That would be lots of endosymbionts to carry out all the functions. Also their membranes would slow the flow of resources between cellparts.

mitochondria already have a way to solve that, filling their outer membrane with holes

and if some are more effective without a membrane, thry could get rid of the membrane, and just separate themselves from other cell parts by having different regions of hte cytoskeleton that their stuff (mainly enzymes) reside in
though those endosymbionts would likely get permanently added to the host cell’s genome, though likely as new chromosomes separate from all its old ones
speaking of which, if eukaryotes were able to have their endosymbionts do genetic recombination, by storing the genes of one endosymbiont of each genotype between meiosis and specializing into a reproductive cell, then rebuild the endosymbionts from the recombined genomes after becoming diploid again, and kill off whichever set is worse, we’d probably have much more efficient everything by now, cause our mitochondria, chloroplasts, nitroplasts, aminoplasts, and whatever, would all evolve at the same speed as their hosts

Still, how many endosymbionts would that cell even need just to live?

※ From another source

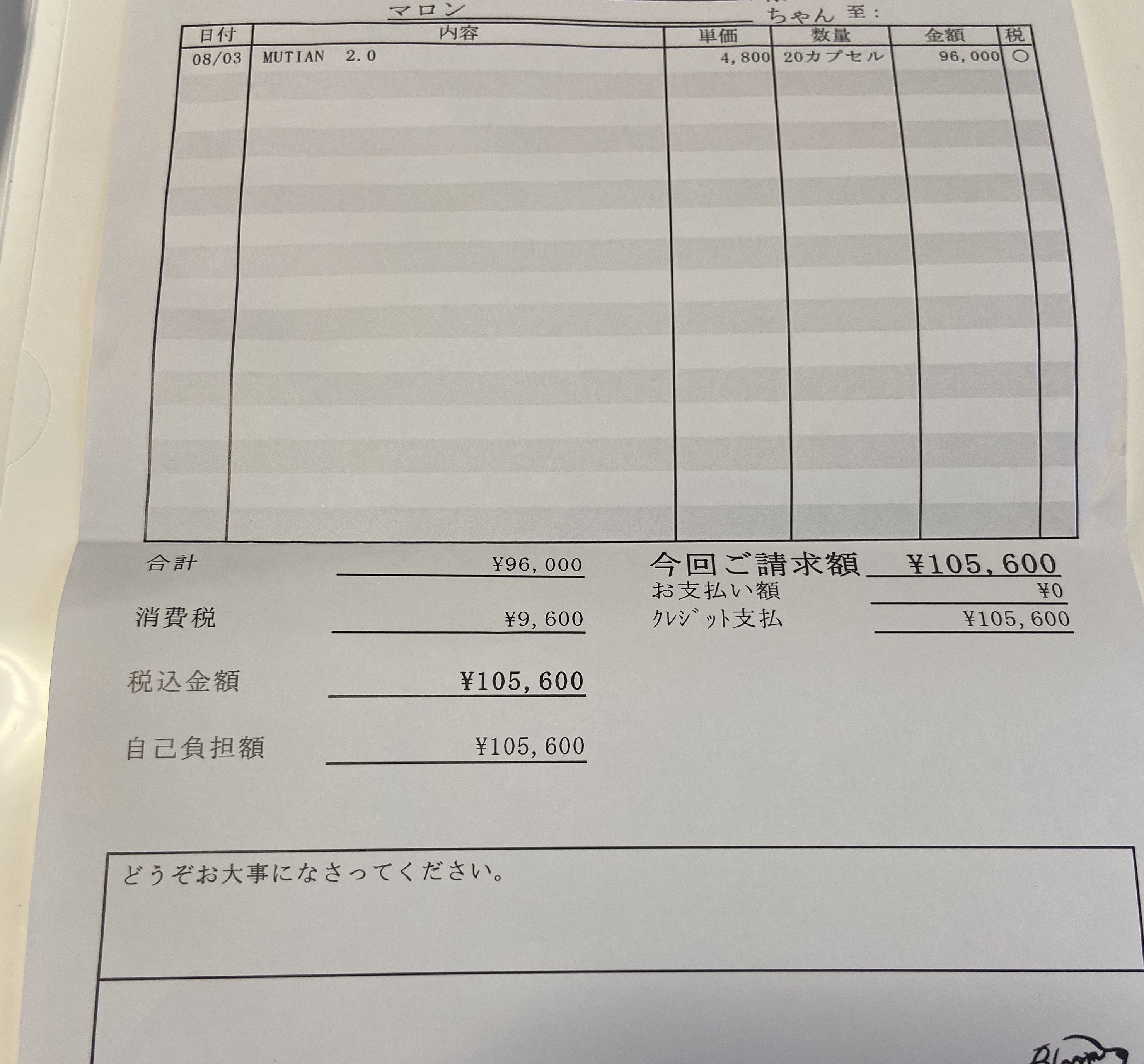 ▼MUTIANの薬代は508.800円の予定です▼

one for the nucleus stuff(bulk dna handling and bulk dna storage) it’d likely be the one the cell is stated as belonging to unless all the symbionts within the membrane, in which that’d still be the case at first, but eventually someone would observe two nuclei competing to be the one that holds the dna for the cell, and realise the nuclei are also endosymbionts

one for endoplasmic reticulum stuff(would probably originally be thought to be part of the nucleus, but would be genetically and physically separate, but would be fed lots of rna by the nucleoplast, and print any dna the nucleoplast says is for printing, reticuloplast)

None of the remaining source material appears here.